Conversion of an IEnumerable to a dictionary for performance?

Conversion of an IEnumerable to a dictionary for performance? - c#

I have recently seen a new trend in my firm where we change the IEnumerable to a dictionary by a simple LINQ transformation as follows:
enumerable.ToDictionary(x=>x);
We mostly end up doing this when the operation on the collection is a Contains/Access and obviously a dictionary has a better performance in such cases.
But I realise that converting the Enumerable to a dictionary has its own cost and I am wondering at what point does it start to break-even (if it does) i.e the performance of IEnumerable Contains/Access is equal to ToDictionary + access/contains.
Ok I might add there is no databse access the enumerable might be created from a database query and thats it and the enumerable may be edited after that too..
Also it would be interesting to know how does the datatype of the key affect the performance?
The lookup might be 2-5 times generally but sometimes may be one too. But i have seen things like
For an enumerable:
var element=Enumerable.SingleorDefault(x=>x.Id);
//do something if element is null or return
for a dictionary:
if(dictionary.ContainsKey(x))
//do something if false else return
This has been bugging me for quite some time now.

Performance of Dictionary Compared to IEnumerable
A Dictionary, when used correctly, is always faster to read from (except in cases where the data set is very small, e.g. 10 items). There can be overhead when creating it.
Given m as the amount of lookups performed against the same object (these are approximate):
Performance of an IEnumerable (created from a clean list): O(mn)
This is because you need to look at all the items each time (essentially m * O(n)).
Performance of a Dictionary: O(n) + O(1m), or O(m + n)
This is because you need to insert items first (O(n)).
In general it can be seen that the Dictionary wins when m > 1, and the IEnumerable wins when m = 1 or m = 0.
In general you should:
Use a Dictionary when doing the lookup more than once against the same dataset.
Use an IEnumerable when doing the lookup one.
Use an IEnumerable when the data-set could be too large to fit into memory.
Keep in mind a SQL table can be used like a Dictionary, so you could use that to offset the memory pressure.
Further Considerations
Dictionarys use GetHashCode() to organise their internal state.

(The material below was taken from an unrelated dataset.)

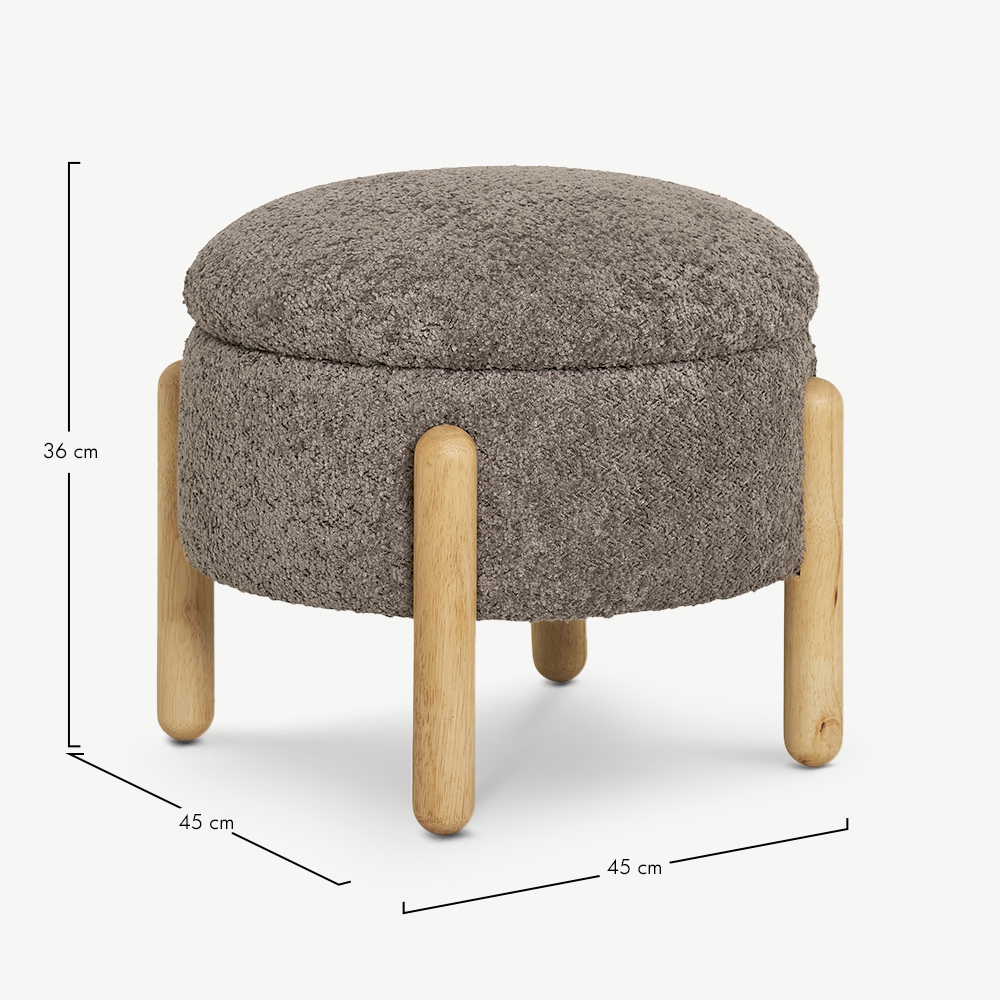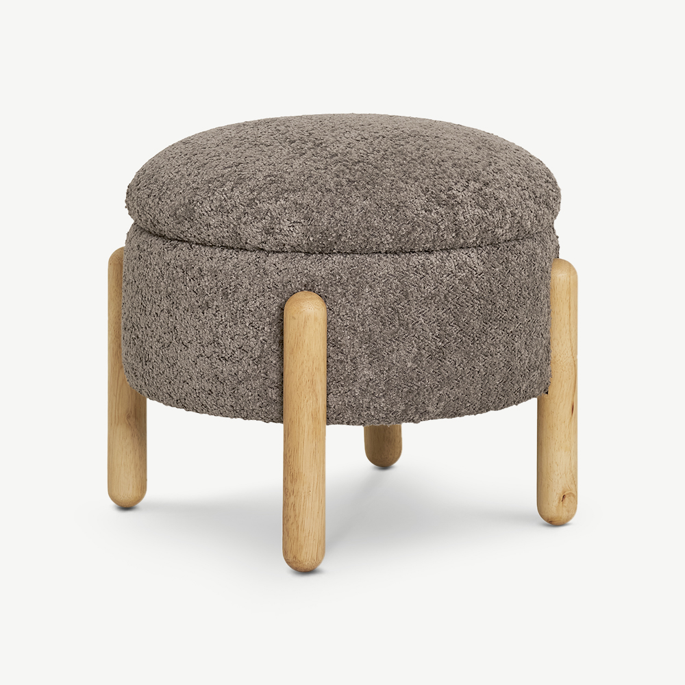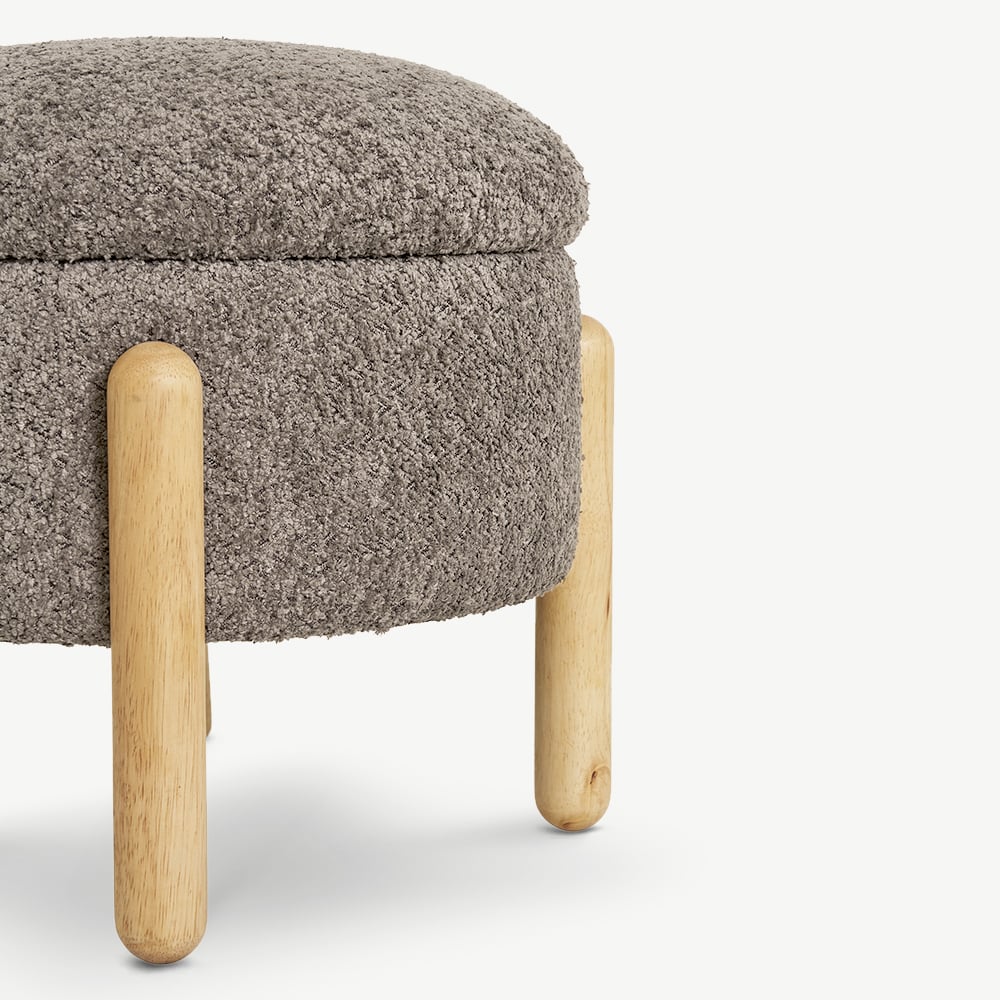 Midas Aufbewahrungs-Pouffe in Taupefarbenes Bouclé mit Natürlichen Holzbeinen

The performance of a Dictionary is strongly-related to the hash code in two ways.
Poorly performing GetHashCode() - results in overhead every time an item is added, looked up, or deleted.
Low quality hash codes - results in the dictionary not having O(1) lookup performance.
Most built-in .Net types (especially the value types) have very good hashing algorithms. However, with list-like types (e.g. string) GetHashCode() has O(n) performance - because it needs to iterate over the whole string. Thus you dictionary's performance can really be seen as (where M is the big-oh for an efficient GetHashCode()): O(1) + M.

It depends....
How long is the IEnumerable?
Does accessing the IEnumerable cause database access?
How often is it accessed?
The best thing to do would be to experiment and profile.

If you searching elements in your collection by some key very often - definatelly the Dictionary will be faster because or it's hash-based collection and searching is faster in times, otherwise if you don't search a lot thru the collection - the convertion is not necessary, because time for conversion may be bigger than you one or two searches in the collection,

IMHO: you need to measure this on your environment with representative data. In such cases I just write a quick console app that measures the time of the code execution. To have a better measure you need to execute the same code multiple times I guess.
ADD:
It also depents on the application you develop. Usually you gain more in optimizing other places (avoiding networkroundrips, caching etc.) in that time and effort.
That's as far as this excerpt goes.